Even though, before carrying out the classifications, we had made sure that the three categories of endpoint orientation were carefully defined, the classification bias may have started already at the time the different categories were created, such that, for instance, the label ‘medium degree of endpoint orientation’ invoked different pictures in our minds as to what an exemplar of this category should look like. The bias was later exacerbated by our different conceptualizations of the clips themselves.9
It could possibly be argued, though, that these differences in endpoint classification preferences were autosuggested, stemming from a desire to believe that grammatical aspect does influence cognition—a fair share of subjective beliefs is indeed found in the history of linguistic relativity research (Pullum 1988; Pinker 1994)—and then behaving accordingly. However, there are reasons to believe this was not the case. When embarking on the research project, we had both felt very sceptical as to whether crosslinguistic differences in endpoint descriptions would really influence higher-order cognitive processing, since contemporary research on other types of motion events (focusing on path and manner) had reported minimal—if any—crosslinguistic differences (Papafragou et al. 2002). Thus, obtaining a null result in this new area of motion cognition (goal-orientation and grammatical aspect) would have been perfectly in line with previous findings, providing compelling evidence that cognitive processing in the general motion domain is subject to universal–perceptual principles rather than linguistic categories.10
Implications
The event described constitutes a seldom documented, detailed example of the effects of linguistic categories (i.e. beyond pure terminology) on scientific practice.
The example further highlights two additional aspects of this problem. First, it shows that simply having knowledge of another language does not create immunity against linguistic bias in scientific practice. Even though E.B. was a proficient L2 speaker of two aspect languages, his classifications were still very consistent with the linguistic context in which they had been carried out. It is, of course, possible that a monolingual speaker of Swedish could have exhibited an even stronger endpoint preference, but studies show that language context of operation is a strong determinant of behaviour in the laboratory as well, even in advanced L2 speakers (Athanasopoulos et al. 2015; Bylund and Athanasopoulos 2017). This example illustrates that L2 knowledge, in and of itself, is not a prophylactic against native language induced biases. This resonates with Pavlenko’s (2014) belief that making bilingualism an academic requirement would not automatically eliminate the risks that academics still rely on their native or dominant language in their research endeavour.

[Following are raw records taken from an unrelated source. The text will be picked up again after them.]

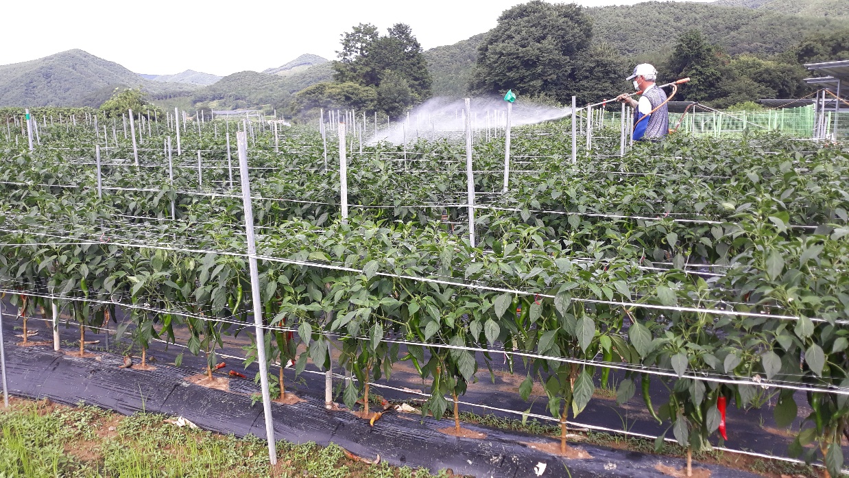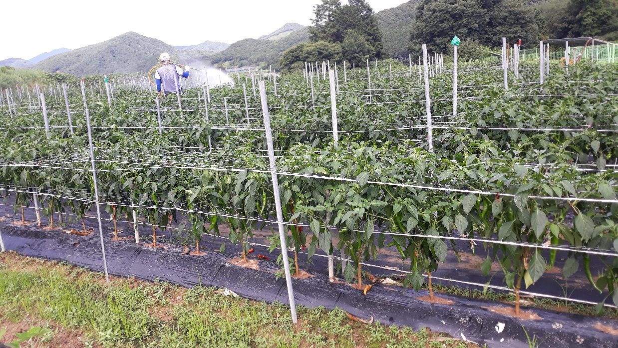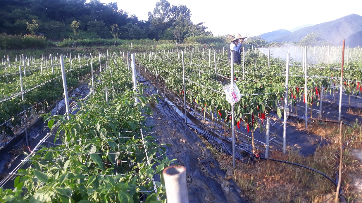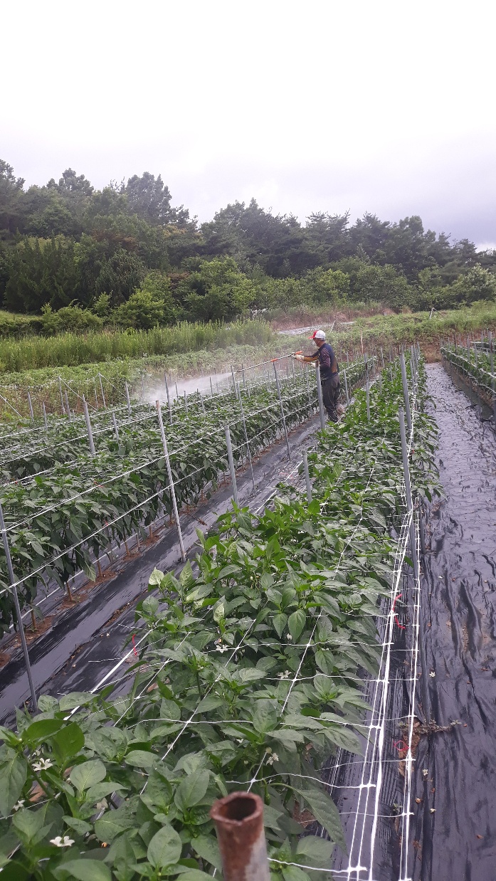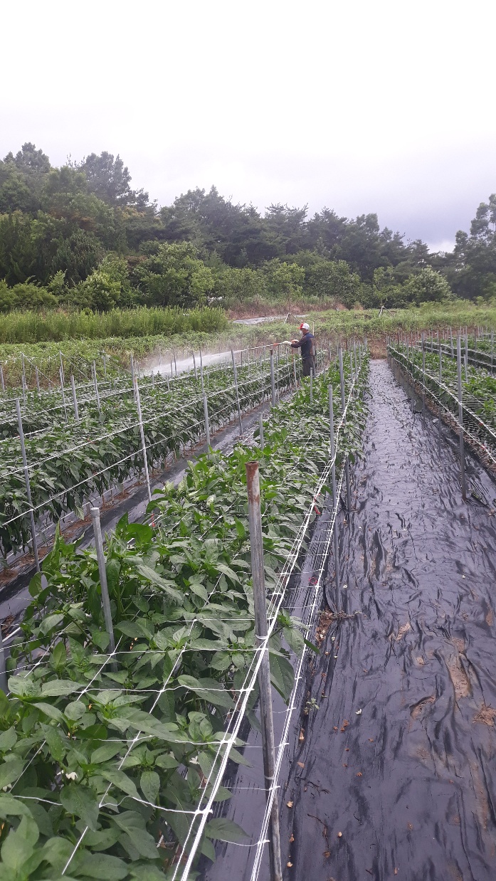 비가 잠시 소강상태 라 고추밭 방제 하였습니다
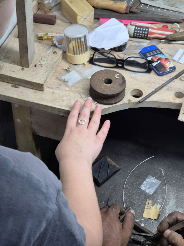 The heart shaped ring was a bit more tricky with the heart shape needing to be bent and filed, taking patience and time, especially when the two sides aren’t the even length you would hope! (not us, that was the staff’s mistake – but they got it sorted)
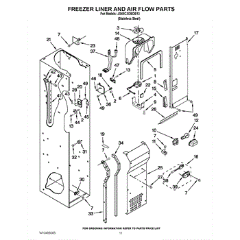 This fan scroll is the plastic housing that surrounds the evaporator fan in the freezer section. It directs air across the evaporator coils and into the ducts, helping your refrigerator move cold air evenly and maintain stable temperatures.
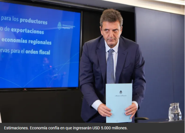 «En términos netos representa lo mismo que si fueran retenciones cero para el productor», destacó el jefe del Palacio de Hacienda. «Es una ronda lateral del Mercado Único Libre de Cambio, transitoria por 25 días que empieza el lunes y termina el 30 de septiembre», detalló.
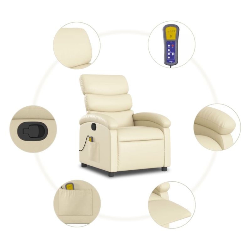 Масажен стол реклайнер, кремав, изкуствена кожа
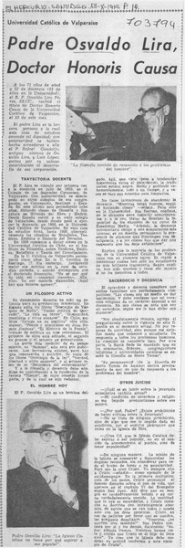 Padre Osvaldo Lira doctor Honoris Causa. [artículo]
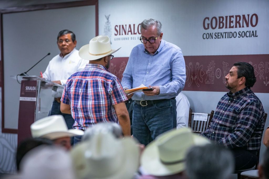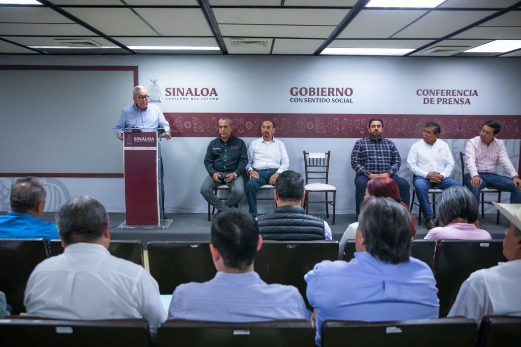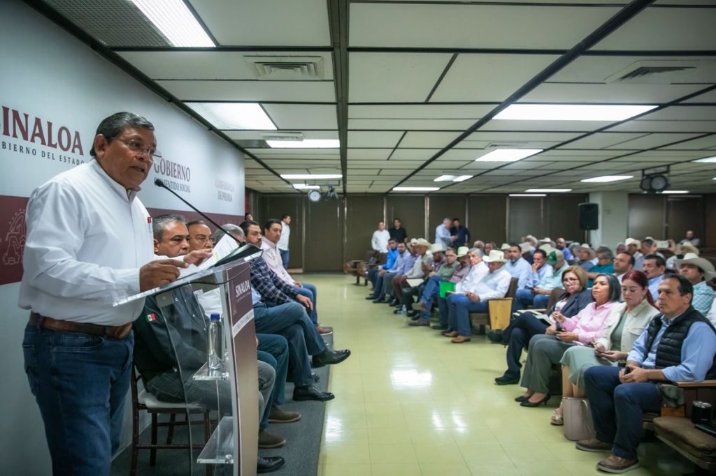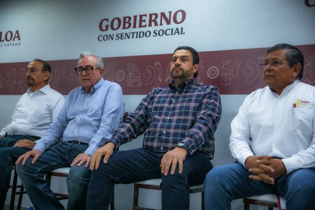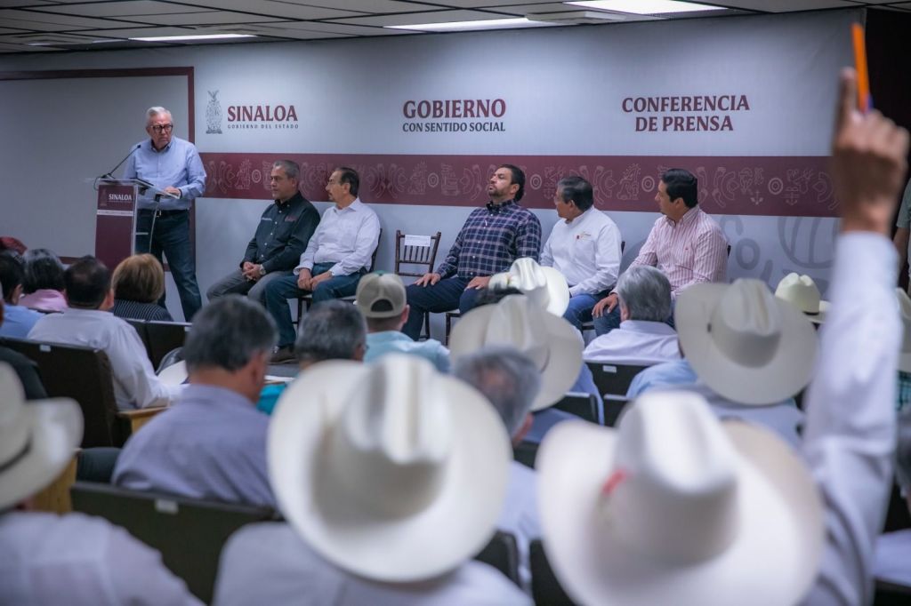 El gobernador Rocha estuvo acompañado en esta reunión por el secretario de Agricultura y Ganadería, José Jaime Montes Salas, quien fue el moderador de la misma; así como por el titular de la oficina de la Representación de la SADER en Sinaloa, Hugo Gómez Arroyo; del subsecretario de Agricultura, Ramón Gallegos; del director del SATES, Ismael Bello Esquivel; y del presidente de la Comisión de Asuntos Agropecuarios del Congreso del Estado, el diputado Feliciano Valle Sandoval.
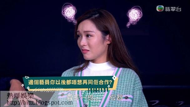 第一條問題是入行以來遇過最委屈的事,其他人就開名亂作一通,不知就裏的Ali見他們講得如此激烈就自爆:「幾年前有一次頒獎禮,大會要求我同一個前輩影合照,但當我走過去,對方就走開咗。」她還應要求公開了對方的名字,不過江美儀不收貨,直指不覺這件事有甚麼委屈之處,樂小姐亦走過來跟Ali說:「放膽呀!講得坦白啲。」Ali委屈說:「我連名都開埋喇喎!」
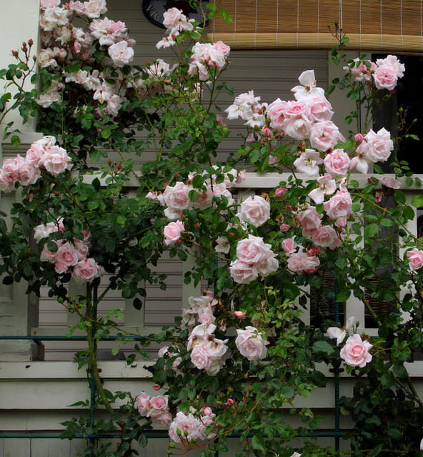 Popínavá růže Světle růžová je skvělá na pergoly, altány nebo ploty, kde vytváří krásné, kvetoucí stěny.
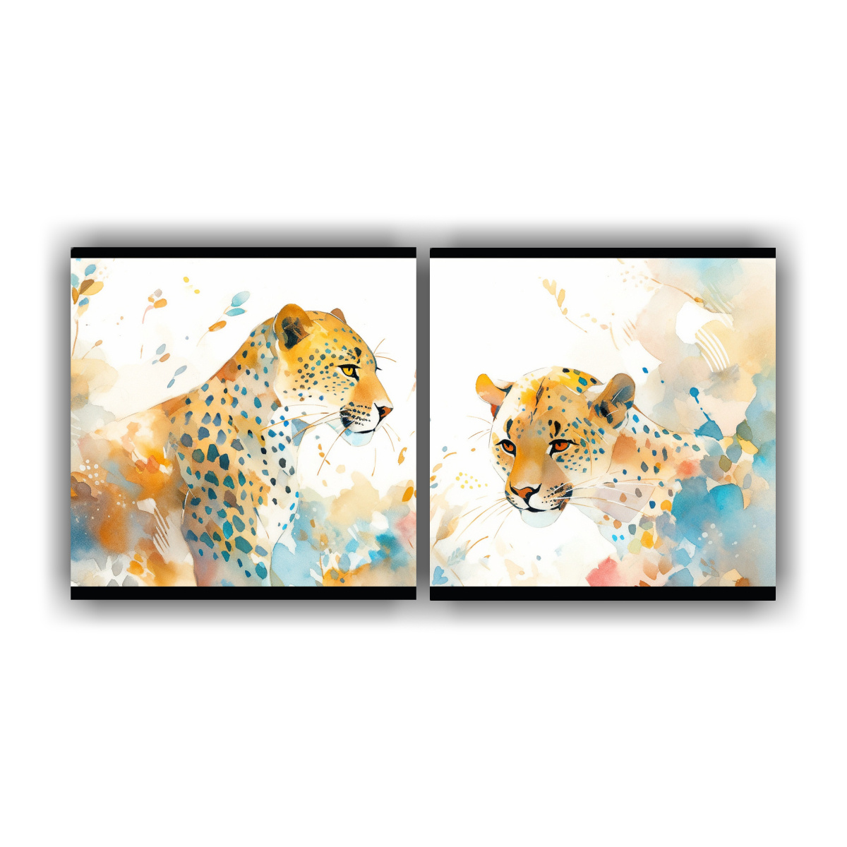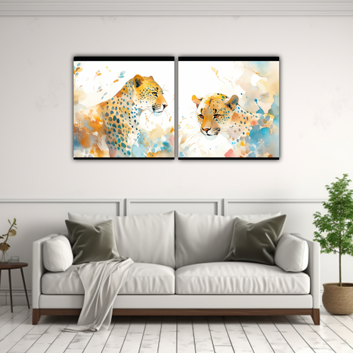 Para lograr un ambiente moderno y sofisticado, coloca este cuadro urbano de leopardos en acuarelas y colores dorados en una pared blanca para que resalte Combínalo con muebles en tonos neutros y accesorios en tonos plateados para un look elegante y actual
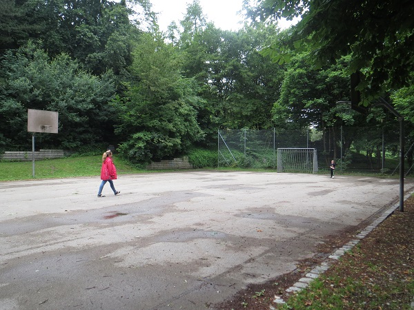 Beim Spielplatz an der Schmidbauerstraße. Hier gibt es Felder mit richtigen Fußballplatzmaßen, meinten die Forscher, Tore gibt es keine.
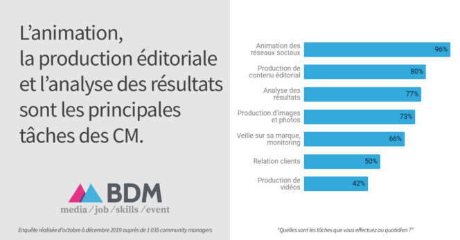 Enquête réalisée par BDM, du 17 octobre au 17 décembre 2019 auprès de 1 035 community managers et social media managers, en partenariat avec IFOCOP et IFOCOP Expériences, qui proposent deux formations pour devenir community manager. Une formation en présentiel, centrée sur le développement de compétences opérationnelles ; et une formation en ligne qui s’articule autour de 10 modules, pour acquérir les fondamentaux du marketing, de l’écriture pour le web, de la mesure d’audience…
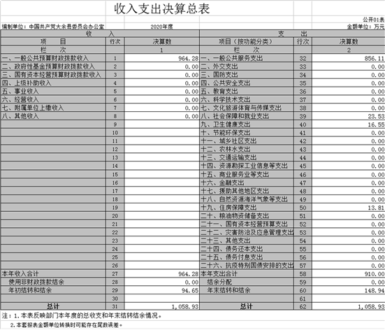 本部門2020年度支出總計1058.96萬元,其中本年支出合計910萬元,較2019年增加431.22萬元,增長90.07 %,主要原因是:安可替代工程追加撥款409.22萬元;機構改革原臺辦、政研室、保密局合并到我辦,新增工作經費42萬元;年末結轉和結余148.94萬元,較2019年增加54.29萬元,增長57.36%,主要原因是:財政應返還額度增加。
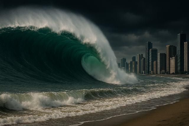 Ilustrasi gelombang tsunami, dentuman dan suara misterius sebelum gempa dan tsunami. (Foto: Created by ai.stmikkomputama.ac.id/Ridlo/Universitas Komputama (UNIKMA) Cilacap)
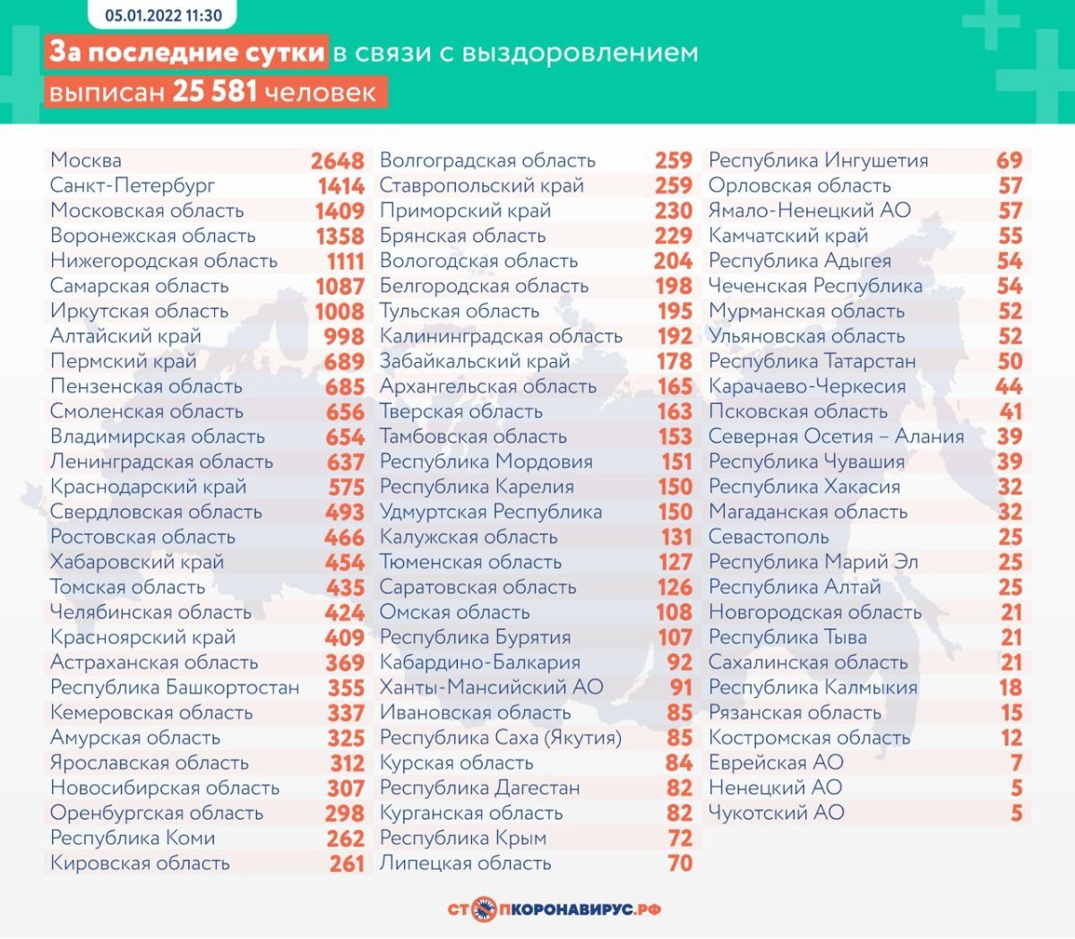 За последние сутки в России в связи с выздоровлением от коронавирусной инфекции выписан 25 581 человек❗
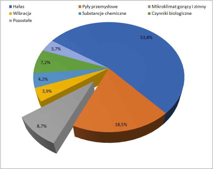Zagrożenie występujące w środowisku pracy wynikające z niekorzystnego wpływu mikroklimatu (gorącego i zimnego) jest wymieniane na 3-cim miejscu wśród wszystkich czynników występujących w środowisku pracy (rys. 1) [Warunki pracy w 2021 r. GUS, Warszawa 2022].
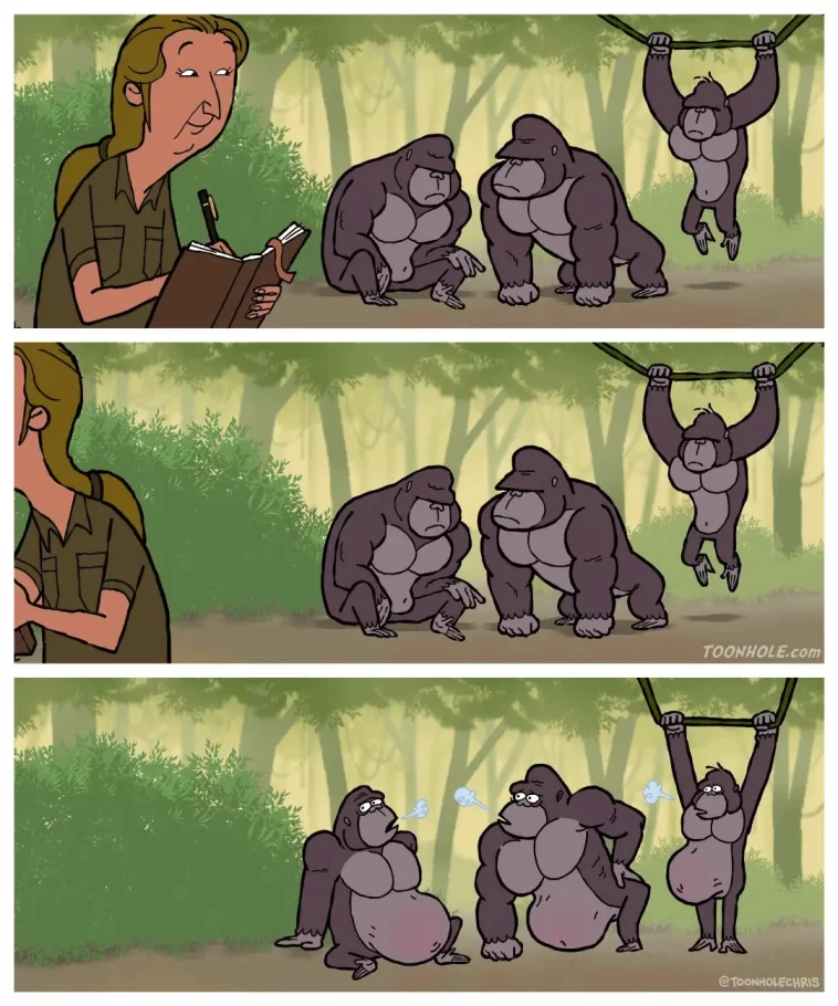 This messed me up so hard I thought ~~the guy~~ Jane Goodall impregnated the three of them just by looking at them I was so confused
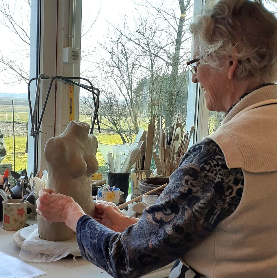 De inspiratie was even weg, maar gelukkig weer helemaal terug. Iepy Hooijenga heeft zelfs bezieling voor haar mooie hobby. Beelden en andere voorwerpen maken van klei. Het is meer dan een gewoon beeldje of schaal maken. Er zit veel gevoel bij zo merkte ik.
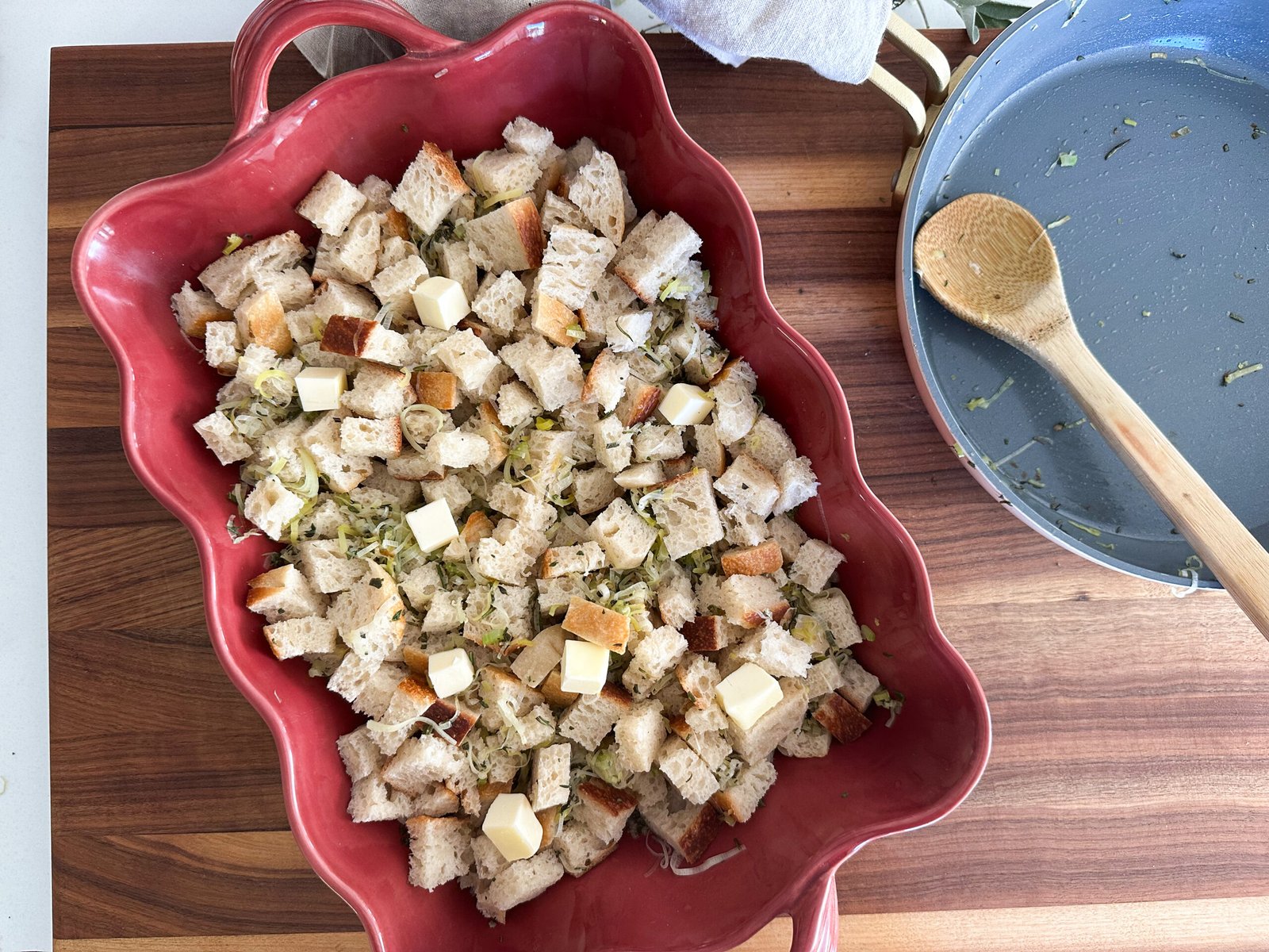 • In a casserole dish, add your sourdough bread cubes. Add in the butter, leek, herb mixture. Toss to combine the ingredients.
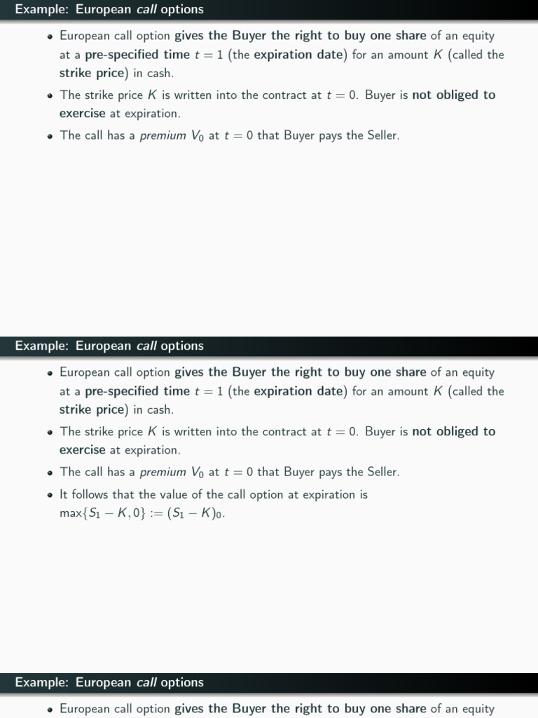 at a pre-specified time t = 1 (the expiration date) for an amount K (called the

However, something that may actually reduce such risks is working with multilingual and multicultural research teams that can bring multicompetent perspectives (Cook and Wei 2016). The advantage of such research teams has been highlighted in the context of ethnographic research (Martin 2012; Creese et al. 2016), but the constellation is yet to be recognized as a standard methodological requirement in linguistic relativity research. The consequences of monolingual teams are potentially far-reaching: Had the team members in the example above shared native language, it would have increased the risk of biasing the selection of videoclips, which ultimately could have skewed the results in unpredictable ways. Instead, in the current case, each member brought his own language-specific perspective of the meaning of endpoint orientation to the research task at hand, and then, through a process of negotiation, the final set of experimental stimuli was co-constructed.11
Another important aspect of Example II is the reflexive relationship it illustrates: the influence of language on thought in research on the influence of language on thought (see also Silverstein 1979). The attested effect should, however, not come as a surprise. If language-specific categories may indeed influence our thinking, why should scientific thinking be exempt from this influence? To think that it is, would be consistent with the controversial view of the scientific mind as detached, obeying only the laws of logic, immune to any experiential factors (such as language background, ethnicity, gender, etc.) (for further discussion see the correspondence between Kay and Kuehni (2008) and Wierzbicka (2008)).
TOWARDS A WILDER WHORF
The vignettes presented above serve to illustrate the potential of bringing together different data types for gaining a fuller picture of the influence of language on thought. We believe that the development of this enterprise towards a workable research programme will be best served by a closer disciplinary alliance than currently exists between lab-generated research and ethnographic methods of recording behaviour in the wild. In essence, we argue that the optimal way forward is multidisciplinarity. There is a wealth of studies within linguistic anthropology positing that behavioural patterns are upheld through, or mediated by, linguistic patterns, drawing on long-term solid ethnographic evidence (Hanks 1991; Duranti 1994). In the enterprise we envisage, such evidence is combined with controlled experiments that allow the researcher to establish a direct link (or even causality) between linguistic categories and behaviour.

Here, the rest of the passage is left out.